Brainstorming a data science project

Bob Uva

Aug 10, 2014 • 3 min read

I've finished the R programming course and have now moved on to the next course in the sequence, Getting and Cleaning Data. In this one, I'll have the chance to further practice with R, reading formats, slicing and dicing the data into form, and creating what data scientists call a CodeBook, which is a reference for a data set but also records everything done to retrieve and prepare the data. I'm a little anxious to move on to exploratory data analysis and statistical techniques, but not sure I could complete all of the required exercises in the allotted time.

Instead, I'm thinking of doing some targeted study at work. I can allocate a small amount of my time to it, and just keep plugging at it. So, I thought I'd brainstorm some ideas right here.

We have a lot of application performance metrics to draw on, and I can mine the data generated from running internal test applications.

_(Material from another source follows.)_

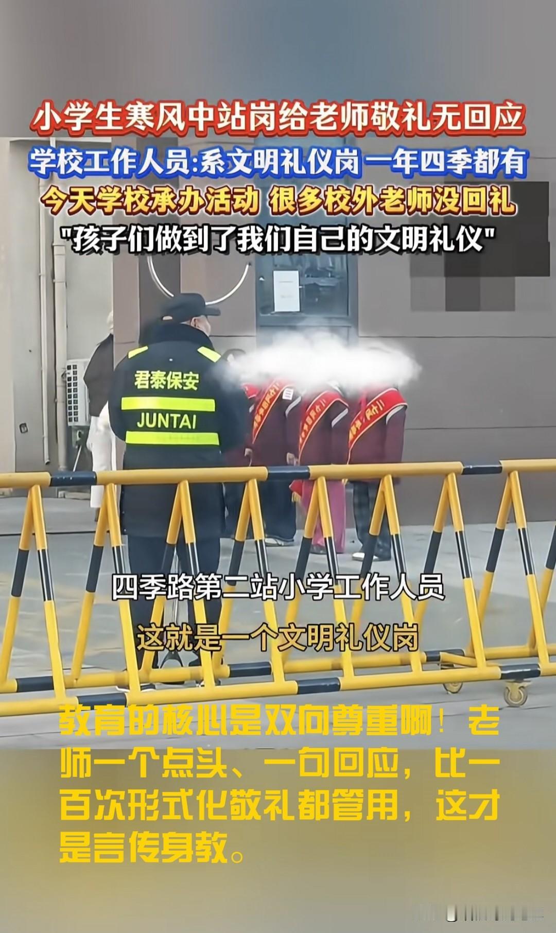 一张图:清晨,寒风中某小学门口,值日生笔直敬礼,老师低头刷手机,擦肩而过,零回应。 当孩子把腰板挺成小白杨,眼含敬意,抬手一个敬礼,清脆的喊:“老师好!”换来的却是视若无睹,那份纯真,若被空气吞掉,再滚烫的真诚也会漏掉几分温度。 也许,老师他们正急着去上课、手里抱着作业,或者担心车在校门口多停两秒就违规,本质上也成了死板制度的“背锅人”。 我看到有网友留言:“孩子就该锻炼,别玻璃心。”可我觉得真正的历练,是告诉他:世界偶尔冰凉,但总有人为你点一盏灯;而不是让他一开始就相信,灯永远不会亮。别小看这0.5秒的“回礼”太小。它会悄悄在孩子心里埋下一粒火种,等他哪天撞见善意,是张开手迎上去,还是抱着肩躲开来,就看这粒火有没有被风吹熄。 真正该被拉到聚光灯下的是流于形式的校园管理!把礼仪课浓缩成“到岗打卡”,只要学生单方面输出礼貌,却不给师生双向回馈的清晰示范,更不顾严寒、车流、安全这些现实变量,这不是育人,是摆拍。 教育的根本,是彼此尊重。老师一个轻轻的点头、一句简单的回应,胜过一百次走过场的敬礼,这才是真正的以身作则。别让孩子的真心变成“表演”,也别让老师在规矩中进退两难。把仪式还原成心与心的交流,那才是校园应有的温度。 「图源网络」

But first I want to specify the type of outcome I'm looking for. I'm going to create a model that learns from data in order to interpret new data and either recognize a pattern or predicts a future state based on causation
Machine learning is essentially this: generalizing from training data so that the properties, or model, of the data can be applied to other data sets, whether from the past, present or future.

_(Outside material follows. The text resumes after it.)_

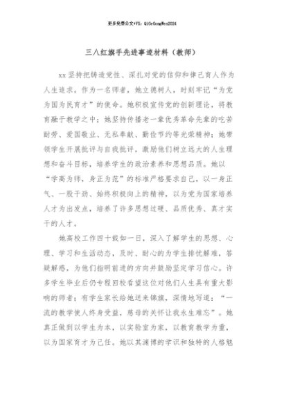 / 【七哥公文】2024年:三八红旗手先进事迹材料(教师)+更多免费公文+VX:QiGeGongWen2024

I see the process playing out sort of like this:

Create new knowledge or confirm a suspected theory involving causation with respect to application performance monitoring.
Examine captured data with the intent of developing an hypothesis. The data would be things like server-side transactions, errors and transaction and browser traces. An hypothesis might be "to see if there is a relationship between the number of transaction trace segments and the CPU percentage taken by the monitored application."
Create a model in the form of an equation that derives from the hypothesis, whether or not it confirms it, denies it or shows no particular result. The model should represent a statistical approach to understanding the data.
I would like the model to learn from training data, and then, based on that learning, to apply itself to new data (the 'test' data) from which it would predict outcomes. So this third step is to define the training data. This would involve identifying what applications to monitor, and all of the many facets of that, including where the app runs (VM, cloud, local), amount and type of load, varying levels of load, agent and application and framework configuration settings.
Run the model against the training data. If there is a clear sign of causation, that's the ideal. This is unlikely to be clear cut, so the result may be that a certain confidence interval is the hoped-for outcome when the model is run against test data. But confirming the confidence interval with training data will be an important step.
Run the model against the test data to see if causation is apparent.

Some of the principals of machine learning are:

(a) To separate signal from noise
(b) To avoid both over-fitting (too specific) and under-fitting (too general)

The model to be developed will be created based on my prior knowledge of the problem domain. The amount of bias that I bring to the model can determine how much the model over- or under-fits the data. For example, if I have observed that, for five servers being monitored, that, over a one-hour span, the CPU percentage doubles when two additional applications (any applications) are running on a server, then I could create a model that represents overall CPU percentage for a server as

CPU% = StartCPU% * (#AdditionalApps/2) * 2

My bias in using this model would be very high, and would result in a very generalized model. Such a model has a high bias. If instead I used created a model where the bias was low and allowed repeated iterations of the model on different data sets, then I could potentially overfit the model to the data. These are some of the concepts I'm working to understand. The e-book in progress, A First Encounter with Machine Learning, by Max Welling, was my primary source for this information.

I'm also starting to look to Microsoft's entry in the ML space, Microsoft Azure Machine Learning. This looks really cool! Automation and visualization of tasks, and the ability to include your own R scripts. I'll report on it shortly.